In some cases, roads as public goods should rather be financed by taxation. At the same time, however, we need some institutional arrangements to avoid excessive competition among local interests over the budget and to make investment decisions responsive to real economic needs. For that purpose, we should delegate decision-making power including the power of taxation to local governments, which are more directly accountable for taxpayers and beneficiaries than the central government is.


Judgment by Taxpayers Cum Voters

In order to carry out the reforms mentioned above, it is inevitable to radically realign the roles and relationships among the Cabinet, government ministries, and local governments. It would also require fundamental changes in the relationship between politics and bureaucracy as well as in citizens' attitude as taxpayers and voters. It will not be easy to come by and probably not emerge from the current political or bureaucratic circles, at least voluntarily.

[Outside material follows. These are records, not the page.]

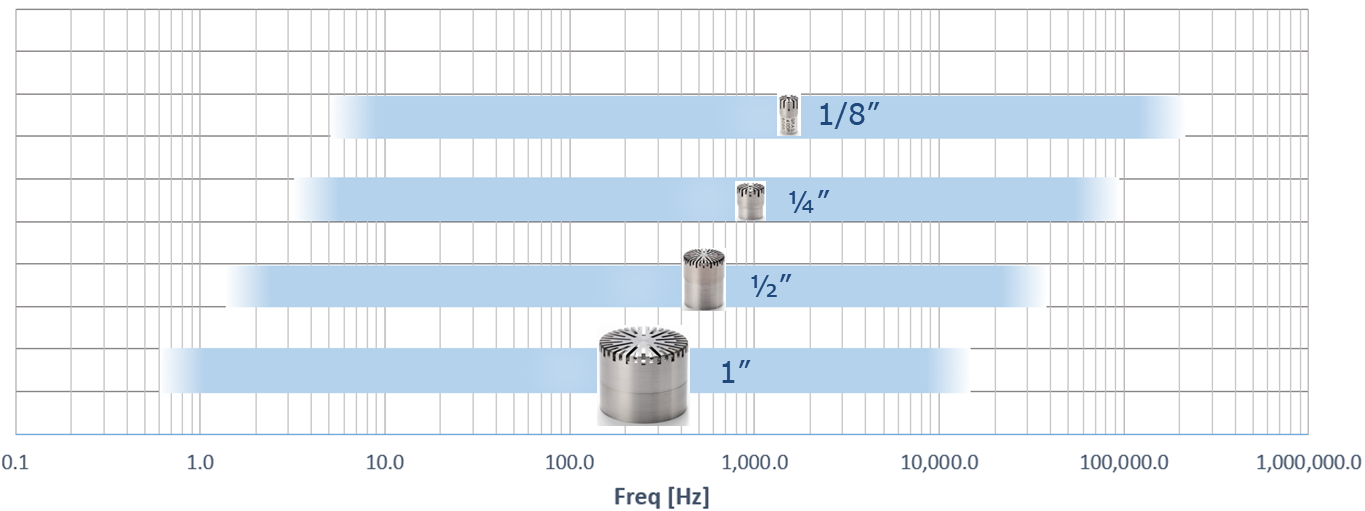 일반적으로 마이크로폰을 정면 부분의 원의 직경을 통해 크기를 구분합니다. 팜테크에서 판매하는 GRAS 제품의 경우 직경을 인치(Inch) 단위로 구분 합니다. 직경이 큰 경우와 작은 경우의 특성이 명확하게 구분되는 데 아래와 같이 구분 지을 수 있습니다.
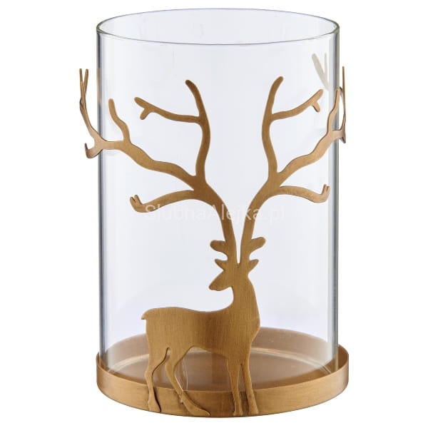 Świecznik Szklany Lampion Złoty Renifer 15 cm
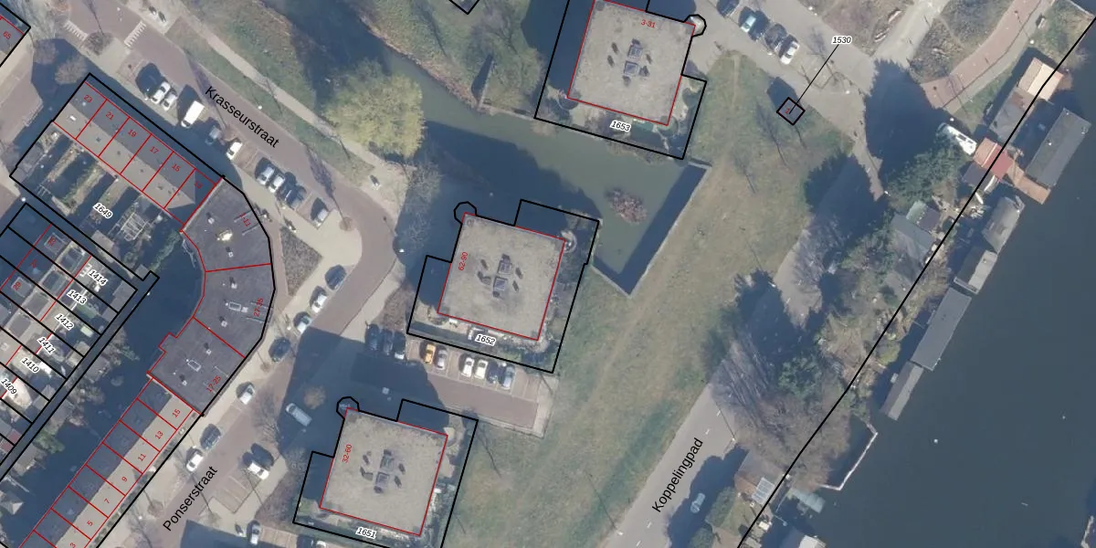 Het perceel waarop Ponserstraat 88 staat heeft een oppervlakte van 709 m². Dit is een groot perceel. De perceeloppervlakte wordt geregistreerd door het Kadaster. Gedetailleerde informatie over de maten van dit perceel kunt u vinden in het rapport Kadastrale kaart met maatvoering van Ponserstraat 88.

Instead, the choice for the model described above eventually depends on the judgment by taxpayers cum voters, who will probably make such a choice consciously sooner or later. At least such a possibility seems to be indicated by a trend in the results of recent local and supplementary elections. This is what is implied by the new era, which began in 1993, as I mentioned at the outset.

(This is from Professor Aoki's original Japanese article in the January 7, 2003 issue of Nikkei Shinbun.)